STYLE FILE: Mid-Century Modern
The 1950's is in, it's hot, and it's not going anywhere (at least for a while, which is fine by me.) An open floor plan is a must for any mid-century modern home. Choose iconic furniture pieces from period designers such as Eames, Saarinen, and Miller. Tie everything together with bright pops of color.
A little history
The term Mid-Century Modern was coined in 1984 by art historian Clara Greenberg. It was used to describe architecture, furniture and product design of the '40's and '60's. It defines a softened modern look, one with organic shapes and elegant designs. Candy colors adorned Mid-Century interiors. Many notable designers came to rise during this period- George Nelson, Charles & Ray Eames, Alvar Aalto, and Eero Saarinen are a few whose designs are still widely reproduced today.
Mid-Century Modern homes saw a few different color palettes through out their heyday. The 1950's were known for bright candy colors like Harvest Gold, Turquoise Blue, and Chartreuse. The 1960's saw a more refined color palette of olive greens, maroons, and creams. Choosing a few of these colors to incorporate along with fresh, contemporary colors (think Marsala, Pantone's 2015 color of the year) will set the proper backdrop for your decor.
Pattern + Materials
Embracing and refining the kitschy-ness of 1950's patterns is a must. Patterns like diamonds, funky geometric and abstract prints make bold accents throughout a Mid-Century space. Space designs like half-moons and star bursts fit perfectly, as well. Neutrals like woven linen and boucle fabrics add texture and give a refined, updated look to your home.
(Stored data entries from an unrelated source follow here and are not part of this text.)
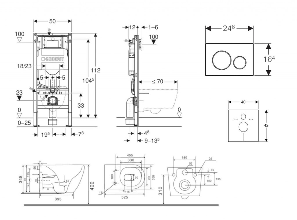- pre závesné WC s pripojovacími rozmermi podľa EN 33 a presahom do 70 cm
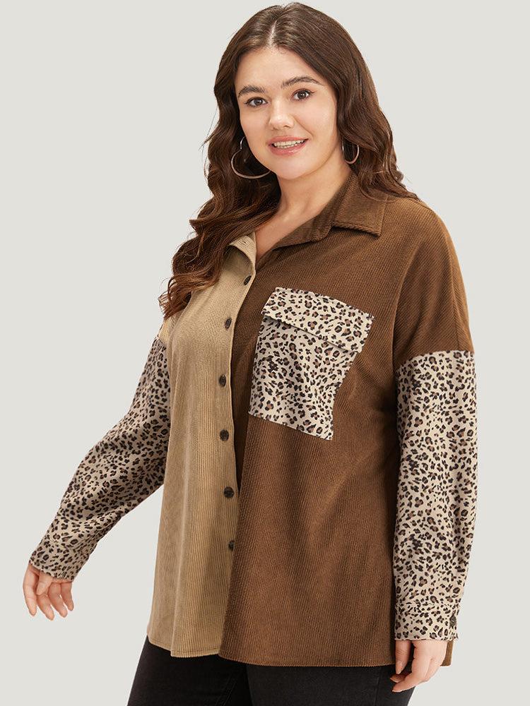 Shop Leopard Patchwork Pocket Contrast Button Through Coat now and redefine your style with confidence at BloomChic. Tailored for mid and plus-size women. This trendy Outerwear Women, sizes 10-30. Season:Fall;Color:DarkBrown;Style:Casual;Pattern Type:Leopard;Details:Patchwork, Pocket, Contrast, Texture, Button;Pocket:It is perfectly sized to carry a phone.;Belt:No-belt;Closure Type:Button;Lining:No-lining
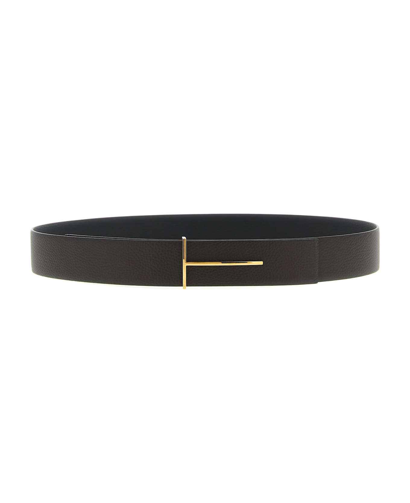 Reversible belt in soft hammered leather, adjustable with 'Slim T' metal buckle with gold trim. Composition: 100% calfskin leather (Bos Taurus)
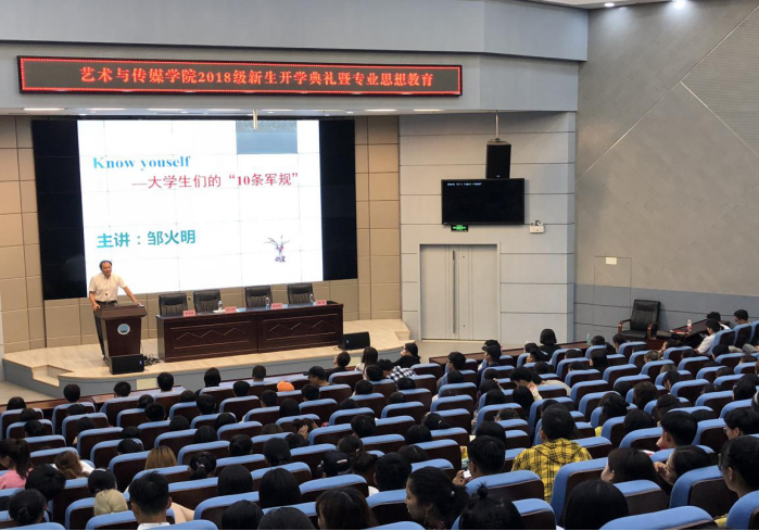 2018年9月29日晚19:00时,艺术与K1体育学2018级本科生开学典礼在校区学术报告厅举行。艺术与k1体育十年品牌值得信赖党委书记邹火明教授、常务副经理戴德铸教授、教师代表陈旗教授,2018级辅导员饶艳芹、史梦玲、赵湘以及全体2018级本科生参加大会。
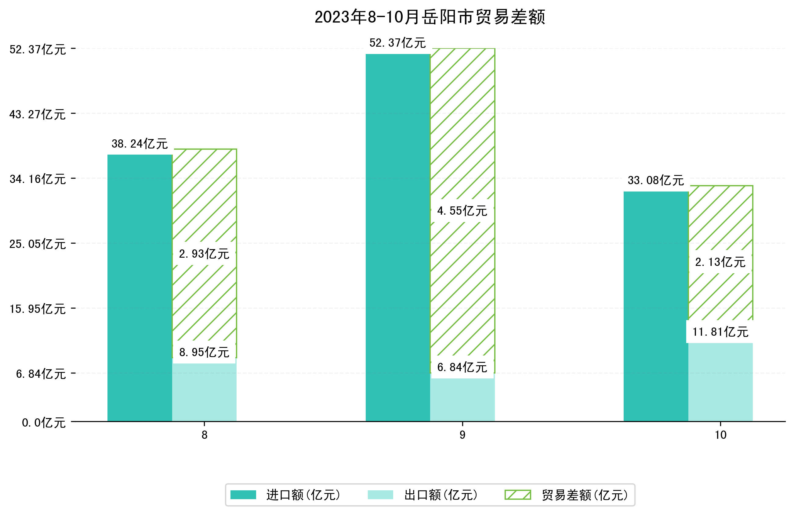 (图四:2023年8-10月岳阳市贸易差额)
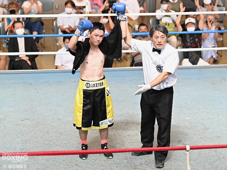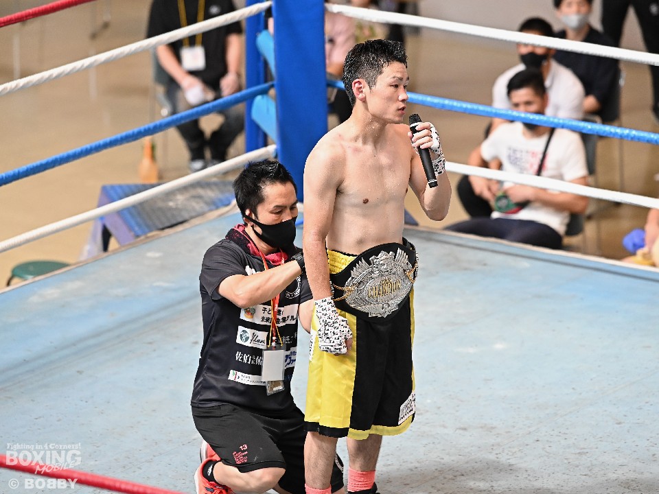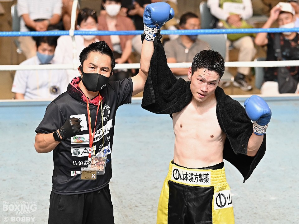 2014年9月の試合を最後に一度ボクシングから離れた大場は、薬師寺ジムでトレーナーとして選手を指導していた時期がある。奇しくもその時の教え子である2020年全日本ウェルター級新人王の能嶋宏弥(25=薬師寺)もこの日、セミファイナルに出場し、岡田翔真(24=姫路木下)に初回KO勝ちした。
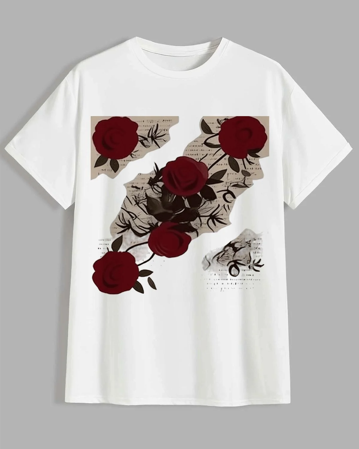 Red Roses with Vintage Script Summer Cotton Graphic T Shirt - Vintage Artistic,Short Sleeve,Soft Fabric,Comfortable Fit
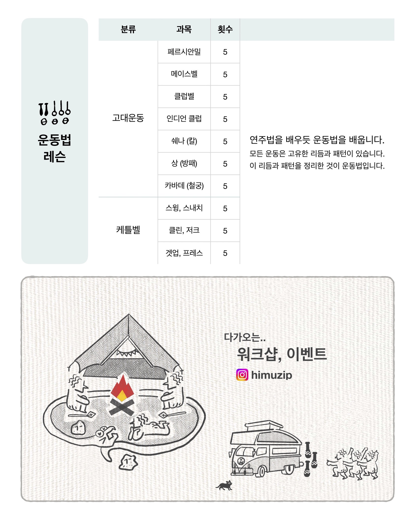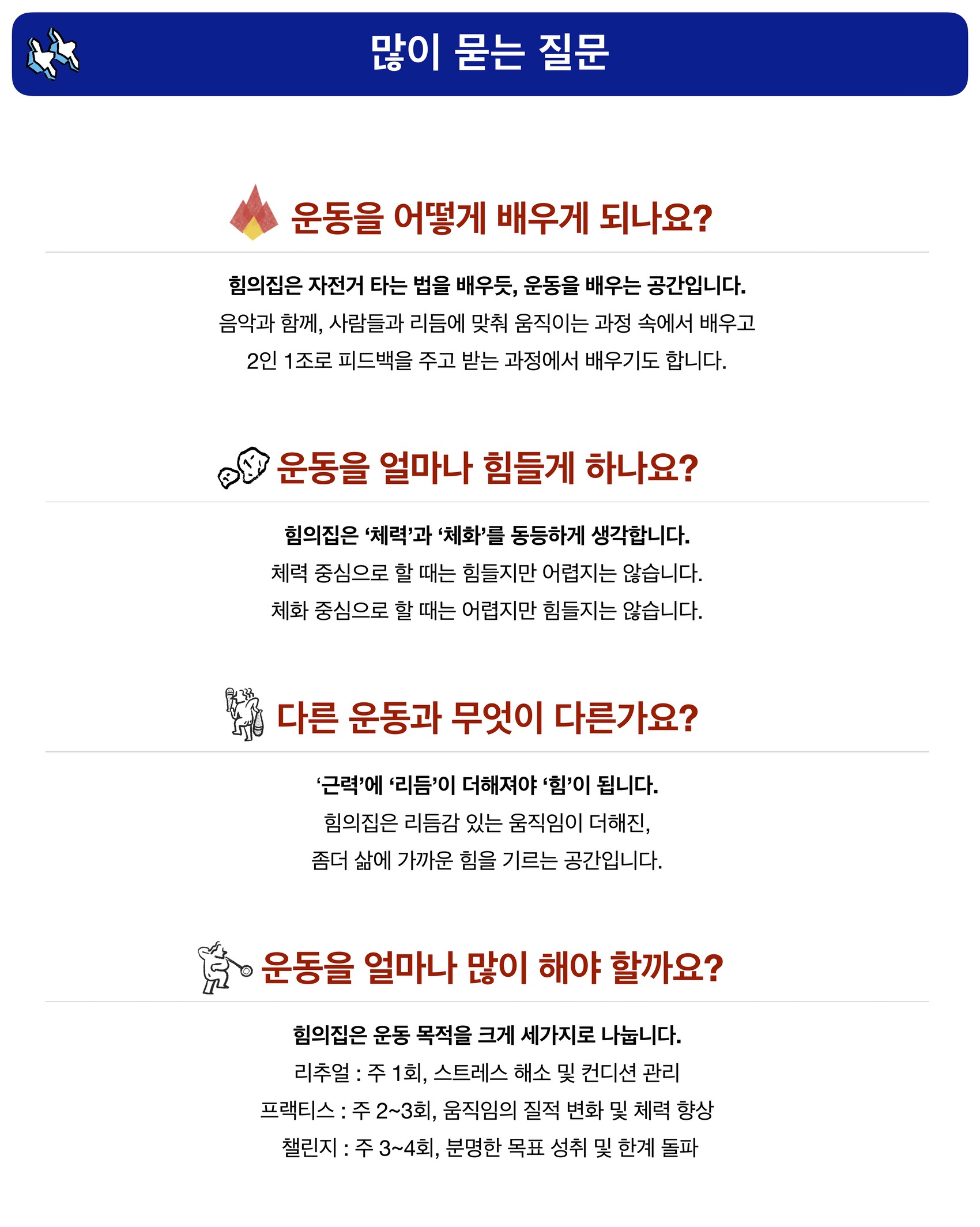 힘의집은 복잡한 장식을 걷어낸 가장 원형적인 형태의 운동을 합니다. 힘의집은 가르치는 공간이 아닙니다. 여러분 곁에서 함께 호흡하고 움직입니다. 서로의 감각을 잇는 흐름 속에서 자연스럽게 배우게 하고, 고유한 리듬을 찾아 깊이 몰입하도록 돕습니다. 힘의집에서 매 순간 깨어있는 감각으로 내 안의 힘을 알아차리고, 몸과 마음에 힘이 가득하게 해보세요.
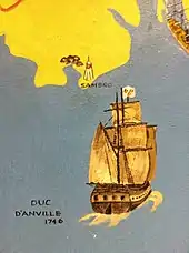 The expedition included 11,000 men and a fleet of 64 ships.[3] The expedition was led by French Admiral Jean-Baptiste Louis Frédéric de La Rochefoucauld de Roye, Duc d'Anville. The commissary general in charge of supplies was François Bigot. The fitting-out of this fleet was slow and difficult, and it did not set sail from Île-d'Aix, France until 22 June 1746. A subsequent storm in the Bay of Biscay and adverse winds slowed the transatlantic crossing. Disease broke out on the ships – typhus and scurvy.

The key here is to choose a color palette and stick with it throughout your space.
Natural wood is a staple in any Mid-Century styled space. Teak and Walnut are among the most popular choices. Leather, glass, and smooth, shiny metals all balance out wood-heavy designs. To keep your space from looking like it's stuck in the 1950's, choose quality materials over plastics and plywoods.
Mid-Century Modern furniture is known for it's union of straight geometric lines blended seamlessly together with organic details. Choosing furniture with tapered legs and strong geometric silhouettes are a great start when picking out furniture. Adding accent pieces, like a sculpted, organic chair (think Saarinen's Womb Chair) helps set apart the Mid-Century style from it's current brother, Contemporary.
Decor + Details
Choose Materials Wisely
Materials like teak wood were used in abundance during the height of Mid-Century Modern design. Today it is widely known that teak wood isn't a sustainable choice as it is harvested from dwindling, old-growth forests. To help preserve these natural resources, pick quality vintage peices over new ones.
Update with Contemporary Touches
Using too many patterns and decorative accents directly from the 1950's is a straight path to a dated space. Making swaps to these items with updated accents inspired by the Mid-Century style is a great way to keep things looking fresh.
Keep Your Space Open
Homes of the '50's were known for open layouts and wide walls of windows. These architectural features have carried themselves to present day designs, and for good reason. Large, open spaces allow for bright interiors and a welcoming environment to residents and guest alike.